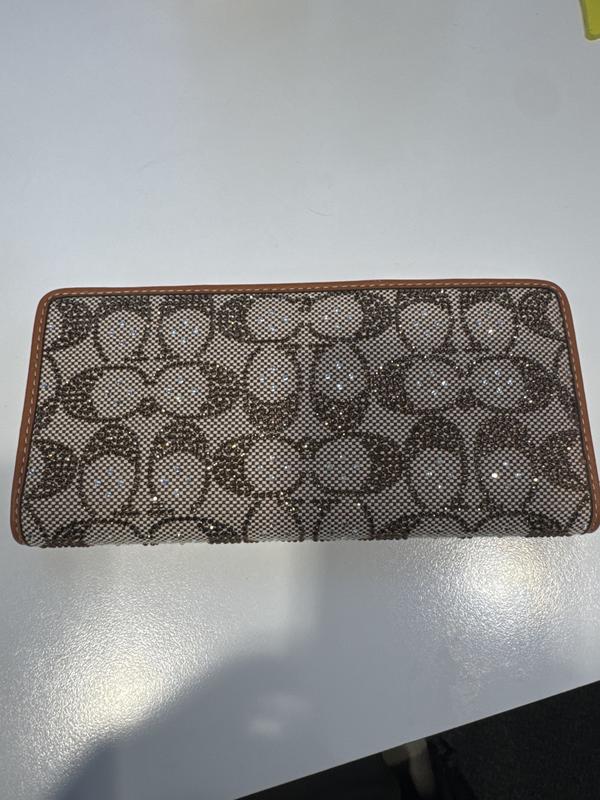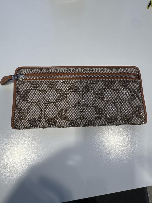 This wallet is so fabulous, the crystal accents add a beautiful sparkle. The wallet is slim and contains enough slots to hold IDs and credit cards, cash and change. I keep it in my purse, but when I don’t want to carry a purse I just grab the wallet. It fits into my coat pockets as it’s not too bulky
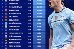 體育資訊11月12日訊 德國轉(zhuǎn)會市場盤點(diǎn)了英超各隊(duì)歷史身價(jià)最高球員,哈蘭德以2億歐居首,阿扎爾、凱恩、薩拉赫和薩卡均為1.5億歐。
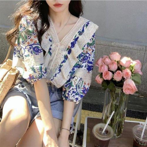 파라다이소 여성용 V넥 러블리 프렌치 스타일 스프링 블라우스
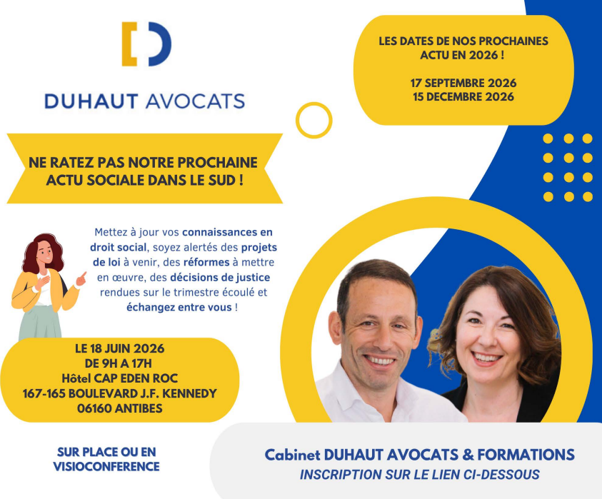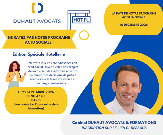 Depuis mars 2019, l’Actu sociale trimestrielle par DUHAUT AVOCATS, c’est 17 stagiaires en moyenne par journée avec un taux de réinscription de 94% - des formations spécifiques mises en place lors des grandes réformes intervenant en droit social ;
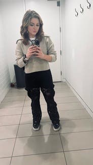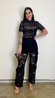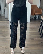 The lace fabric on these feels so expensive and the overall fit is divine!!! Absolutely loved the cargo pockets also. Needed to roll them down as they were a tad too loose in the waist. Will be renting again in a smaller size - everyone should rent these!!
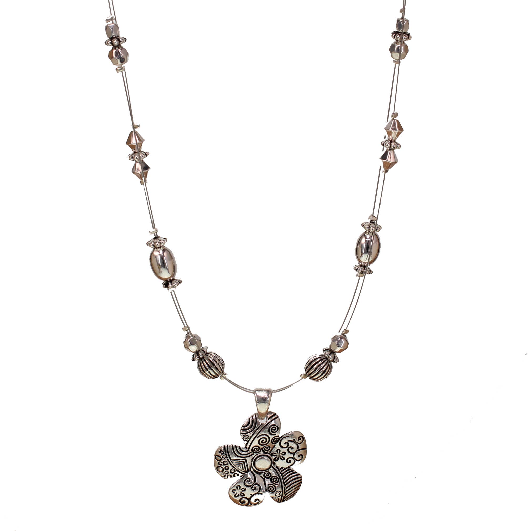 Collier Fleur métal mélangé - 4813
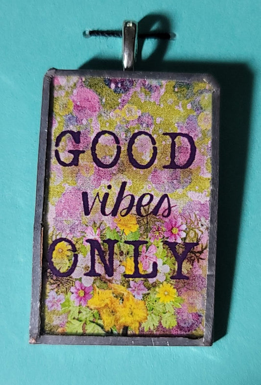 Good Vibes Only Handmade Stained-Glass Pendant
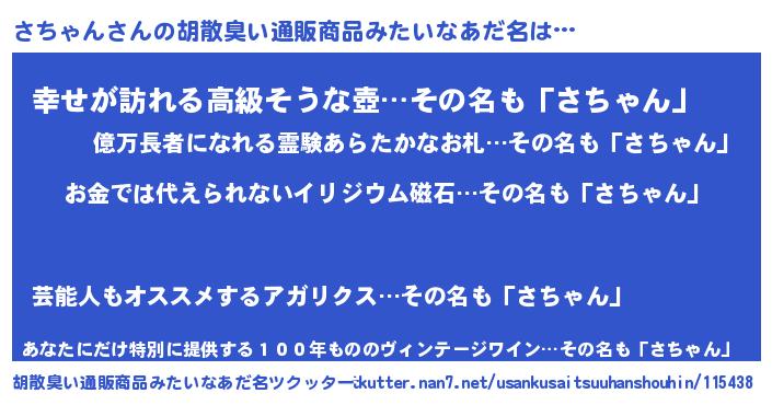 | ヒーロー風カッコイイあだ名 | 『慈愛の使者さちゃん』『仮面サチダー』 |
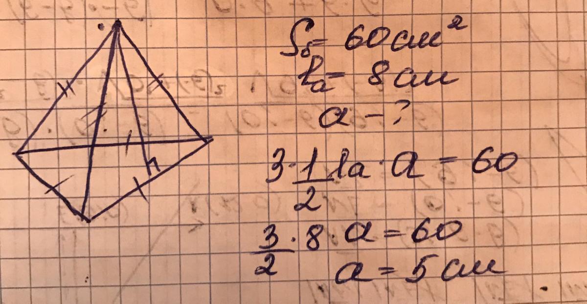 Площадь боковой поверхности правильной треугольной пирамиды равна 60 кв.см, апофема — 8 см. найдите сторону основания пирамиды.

--

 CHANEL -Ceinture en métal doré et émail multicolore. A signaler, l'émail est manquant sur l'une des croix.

**WHAT IS NEEDED**
Reproduce the listing above exactly from the line containing "This wallet is" up to and including the line containing "Depuis mars 2019, l’Actu", omitting any images and everything outside those lines.

**ANSWER SPACE**
 This wallet is so fabulous, the crystal accents add a beautiful sparkle. The wallet is slim and contains enough slots to hold IDs and credit cards, cash and change. I keep it in my purse, but when I don’t want to carry a purse I just grab the wallet. It fits into my coat pockets as it’s not too bulky
 體育資訊11月12日訊 德國轉(zhuǎn)會市場盤點(diǎn)了英超各隊(duì)歷史身價(jià)最高球員,哈蘭德以2億歐居首,阿扎爾、凱恩、薩拉赫和薩卡均為1.5億歐。
 파라다이소 여성용 V넥 러블리 프렌치 스타일 스프링 블라우스
 Depuis mars 2019, l’Actu sociale trimestrielle par DUHAUT AVOCATS, c’est 17 stagiaires en moyenne par journée avec un taux de réinscription de 94% - des formations spécifiques mises en place lors des grandes réformes intervenant en droit social ;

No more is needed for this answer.